The trick is getting these aquarium inhabitants to eat the prepared food. This can be accomplished through the addition of flavor enhancers or flavor attractants to the food. A few foods use these as part of their recipes; most do not. With this in mind, retailers should carry appetite stimulators for customers to add to the food they are feeding their fish. The cheapest and best-known ingredient in most food additives is garlic; fish seem to be really attracted to its odor.
To give customers an idea of the broad selection of fish foods available on the market, retailers should create a display of products that showcases the various forms that shelf stable foods can take: flakes, pellets, discs, crumbles, sticks, freeze-dried, etc. This presentation should stress the value of each food as it applies to different species of fish and their trophic (feeding) behaviors.

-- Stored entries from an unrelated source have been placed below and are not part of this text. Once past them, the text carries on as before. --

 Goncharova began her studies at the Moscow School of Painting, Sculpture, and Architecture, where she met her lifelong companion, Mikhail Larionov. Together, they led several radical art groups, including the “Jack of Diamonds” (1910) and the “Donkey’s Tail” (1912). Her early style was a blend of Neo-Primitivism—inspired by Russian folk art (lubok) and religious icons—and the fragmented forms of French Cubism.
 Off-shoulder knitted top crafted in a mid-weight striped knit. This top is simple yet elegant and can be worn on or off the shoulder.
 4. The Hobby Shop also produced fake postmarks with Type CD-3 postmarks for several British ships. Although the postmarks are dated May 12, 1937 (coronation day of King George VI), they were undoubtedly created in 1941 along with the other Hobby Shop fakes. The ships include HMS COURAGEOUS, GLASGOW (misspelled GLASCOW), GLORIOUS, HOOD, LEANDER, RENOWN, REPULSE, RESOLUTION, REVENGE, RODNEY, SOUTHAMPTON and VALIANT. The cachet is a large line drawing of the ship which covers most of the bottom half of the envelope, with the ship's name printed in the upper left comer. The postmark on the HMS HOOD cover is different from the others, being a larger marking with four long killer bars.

Even though “complete” food displays can be impressive, they can also be confusing. For example, while fakes and pellets manufactured for goldfish and koi should not be fed to tropicals—these products contain a significant percentage of carbohydrates, which are poorly utilized by most fish, except for domestic goldfish and koi—customers may see the lower price and try to save themselves a few cents. If retailers segregate foods into tropical freshwater, temperate freshwater and tropical marine categories, it will greatly reduce the number of mistakes that customers make when purchasing them. Certainly, there are foods that fall into more than one category, and these can be placed in multiple locations.

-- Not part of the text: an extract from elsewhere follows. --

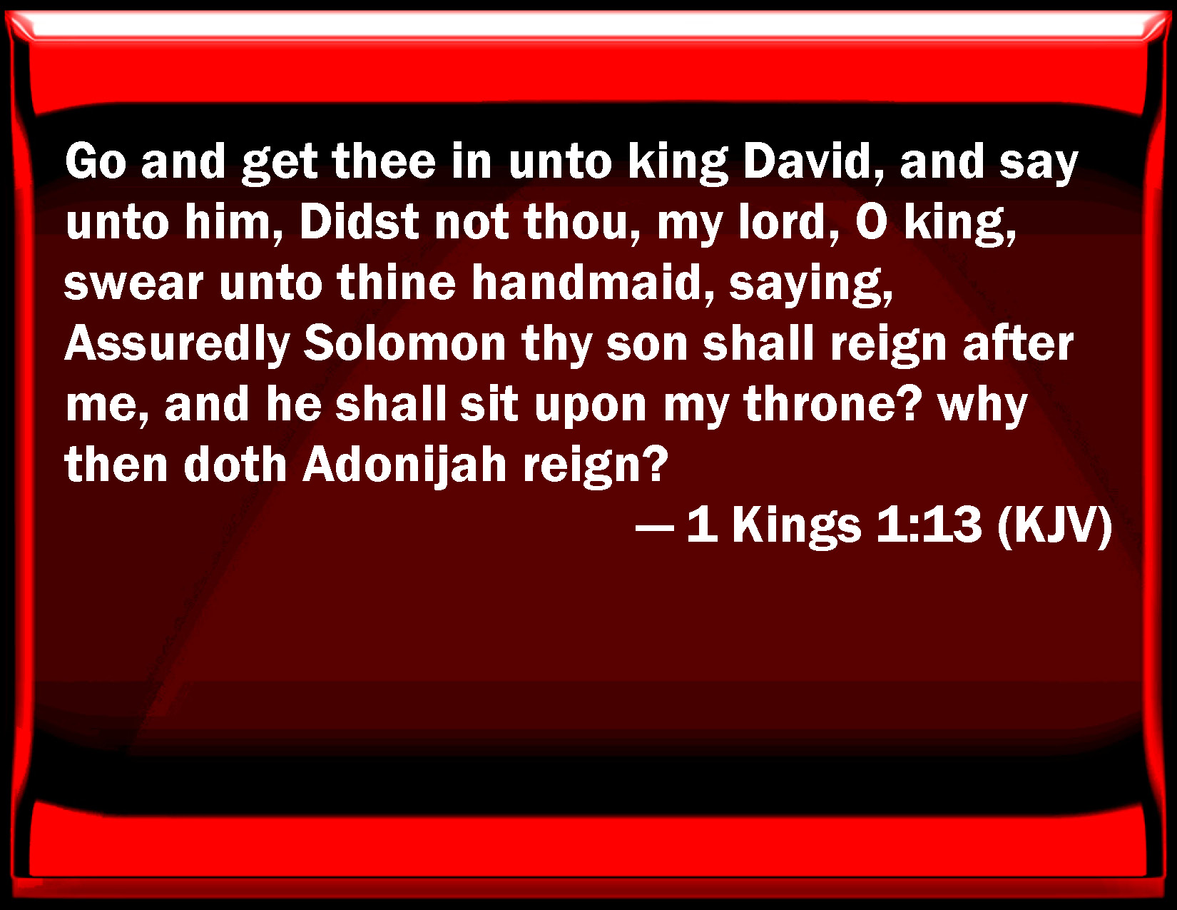 Bible Verse Slide 1 Kings 1:13 Go and get you in to king David, and say to him, Did not you, my lord, O king, swear to your handmaid, saying, Assuredly Solomon your son shall reign after me, and he shall sit on my throne? why then does Adonijah reign? KJV: Go and get thee in unto king David, and say unto him, Didst not thou, my lord, O king, swear unto thine handmaid, saying, Assuredly Solomon thy son shall reign after me, and he shall sit upon my throne? why then doth Adonijah reign? DRB: Go, and get thee in to king David, and say to him: Didst not thou, my lord O king, swear to me thy handmaid, saying: Solomon thy son shall reign after me, and he shall sit on my throne? why then doth Adonias reign? DBT: Go and get thee in to king David, and say to him, Didst not thou, my lord, O king, swear to thy handmaid saying, Solomon thy son shall reign after me, and he shall sit on my throne? why then does Adonijah reign? ERV: Go and get thee in unto king David, and say unto him, Didst not thou, my lord, O king, swear unto thine handmaid, saying, Assuredly Solomon thy son shall reign after me, and he shall sit upon my throne? why then doth Adonijah reign? WBT: Go, and enter in to king David, and say to him, Didst not thou, my lord, O king, swear to thy handmaid, saying, Assuredly Solomon thy son shall reign after me, and he shall sit upon my throne? why then doth Adonijah reign? WEB: Go in to king David, and tell him, 'Didn't you, my lord, king, swear to your handmaid, saying, Assuredly Solomon your son shall reign after me, and he shall sit on my throne? Why then does Adonijah reign?' YLT: go and enter in unto king David, and thou hast said unto him, Hast thou not, my lord, O king, sworn to thy handmaid, saying, Surely Solomon thy son doth reign after me, and he doth sit on my throne? and wherefore hath Adonijah reigned?Links 1 Kings 1:13 NIV • 1 Kings 1:13 NLT • 1 Kings 1:13 ESV • 1 Kings 1:13 NASB • 1 Kings 1:13 KJV • 1 Kings 1:13 Interlinear • 1 Kings 1:13 Commentaries • 1 Kings 1:13 Parallel Texts • 1 Kings 1:13 Bible Apps • 1 Kings 1:13 Parallel • Bible Hub |

Retailers can also help their customers avoid mistakes in feeding by being prepared to educate them about the ingredients of these foods, especially as they apply to specific fish. Many customers will be surprised to learn that some fish are almost strictly vegetarians. The goal here is to foster better husbandry by recommending the proper items. By helping people be more successful, pet stores will sell more food.
Another great way to sell more fish food is to tell people the truth about feeding fish. The old line is that fish only need to be fed once a day. Nothing could be further from the truth (except in the case of piscivores). Tropical fish are small, and small animals need to feed frequently, since they have a high metabolic rate. Fish should be fed three times a day, and even more often is not too much. As long as the fish are awake, aquarium keepers can feed them every three to four hours and without experiencing a problem.
Of course, more food means more sales for the store. It will also necessitate more tank cleanings, so the retailer will also sell more auxiliary items, such as filter cartridges, carbon, pads, etc.
Don’t forget that the food for many saltwater organisms is quite diverse, and there is far from a single “perfect” food for the majority of marine fish. In fact, feeding a single food would almost certainly result in the death of the fish in a short amount of time. Likewise, many corals can benefit from a variety of foods as long as they meet the animals’ requirements. I would display coral foods separately from marine fish foods.
On a side note, I have observed that it is extremely important to specifically feed marine invertebrates such as crabs, hermit crabs, snails, sea hares, starfish, anemones and many others. Numerous shops and especially customers look on a majority of these items as “janitors” to cleanup the leftovers. This philosophy almost always results in the premature demise of many animals that simply cannot find enough food on which to survive. “Clean-up” organisms should be fed at least half as often as fish.
Edward C. Taylor has been in the pet industry for over 30 years as a retailer, live fish importer and wholesaler, and fish-hatchery manager.